Reference : Validation of TRMM for hazard assessment in the remote context of tropical Africa
Scientific congresses and symposiums : Paper published in a book
Physical, chemical, mathematical & earth Sciences : Earth sciences & physical geography
Validation of TRMM for hazard assessment in the remote context of tropical Africa
Monsieurs, Elise [Université de Liège - ULiège > Département de géographie > Unité de géographie physique et quaternaire (UGPQ) >]
Kirschbaum, Dalia []
Jackson, Tan []
Jacobs, Liesbet []
Kervyn, Matthieu []
Demoulin, Alain mailto [Université de Liège - ULiège > Département de géographie > Unité de géographie physique et quaternaire (UGPQ) >]
Dewitte, Olivier []
AGU Fall Meeting Abstracts
AGU Fall Meeting
from 11-12-2017 to 15-12-2017
[en] Accurate rainfall data is fundamental for understanding and mitigating the disastrous effects of many rainfall-triggered hazards, especially when one considers the challenges arising from climate change and rainfall variability.
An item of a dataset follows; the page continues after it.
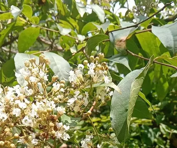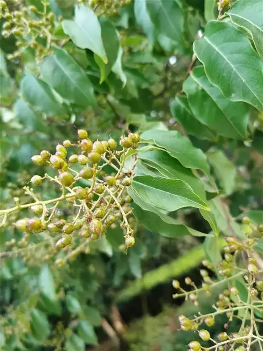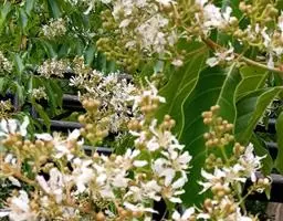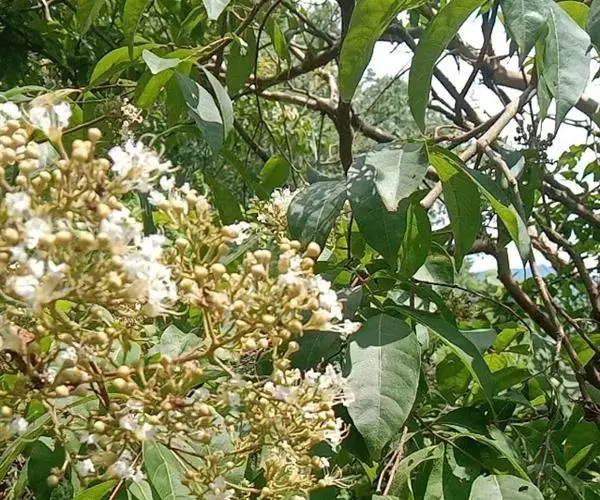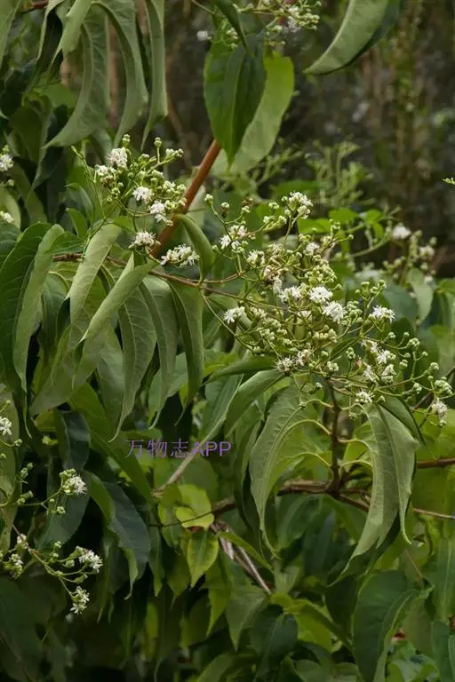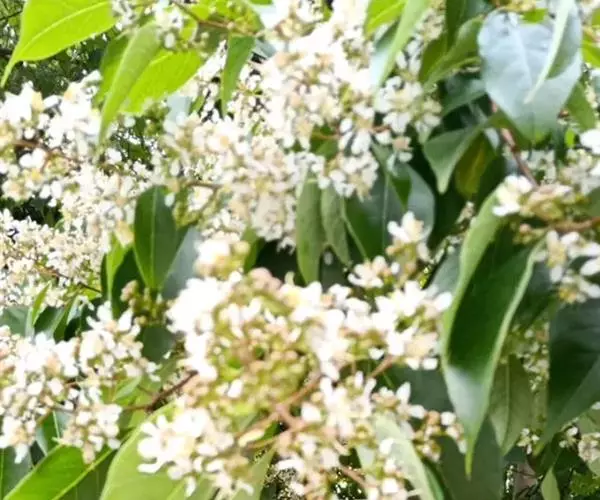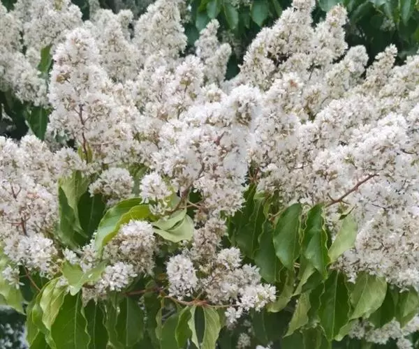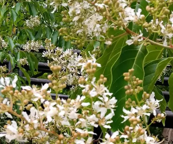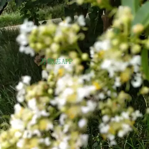 花小,白色或玫瑰色,直径约1厘米,组成顶生圆锥花序,长5-15厘米,具灰褐色微柔毛,花密生;花萼有棱10-12条,长3.5-4.5毫米,5裂,裂片三角形,直立,内面无毛;花瓣6,长2-6毫米,皱缩,有爪;雄蕊15-30,约5-6枚较长,12-14条较短,着生于萼片或花瓣上,花丝细长;子房无毛,5-6室。

In tropical Africa in particular, the sparse operational rainfall gauging network hampers the ability to understand these hazards. Satellite rainfall estimates (SRE) can therefore be of great value. Yet, rigorous validation is required to identify the uncertainties when using SRE for hazard applications. We evaluated the Tropical Rainfall Measuring Mission (TRMM) Multi-satellite Precipitation Analysis (TMPA) 3B42 Research Derived Daily Product from 1998 to 2017, at 0.25° x 0.25° spatial and 24 h temporal resolution. The validation was done over the western branch of the East African Rift, with the perspective of regional landslide hazard assessment in mind. Even though we collected an unprecedented dataset of 47 gauges with a minimum temporal resolution of 24 h, the sparse and heterogeneous temporal coverage in a region with high rainfall variability poses challenges for validation. In addition, the discrepancy between local-scale gauge data and spatially averaged (~775 km²) TMPA data in the context of local convective storms and orographic rainfall is a crucial source of uncertainty. We adopted a flexible framework for SRE validation that fosters explorative research in a remote context. Results show that TMPA performs reasonably well during the rainy seasons for rainfall intensities <20 mm/day. TMPA systematically underestimates rainfall, but most problematic is the decreasing
probability of detection of high intensity rainfalls. We suggest that landslide hazard might be efficiently assessed if we take account of the systematic biases in TMPA data and determine rainfall thresholds modulated by controls on, and uncertainties of, TMPA revealed in this study. Moreover, it is found relevant in mapping regional-scale rainfall-triggered hazards that are in any case poorly covered by the sparse available gauges. We anticipate validation of TMPA’s
successor (Integrated Multi-satellitE Retrievals for Global Precipitation Measurement; ~10 km × ~10 km, half-hourly) using the proposed framework, as soon as this product will be available in early 2018 for the 1998-present period.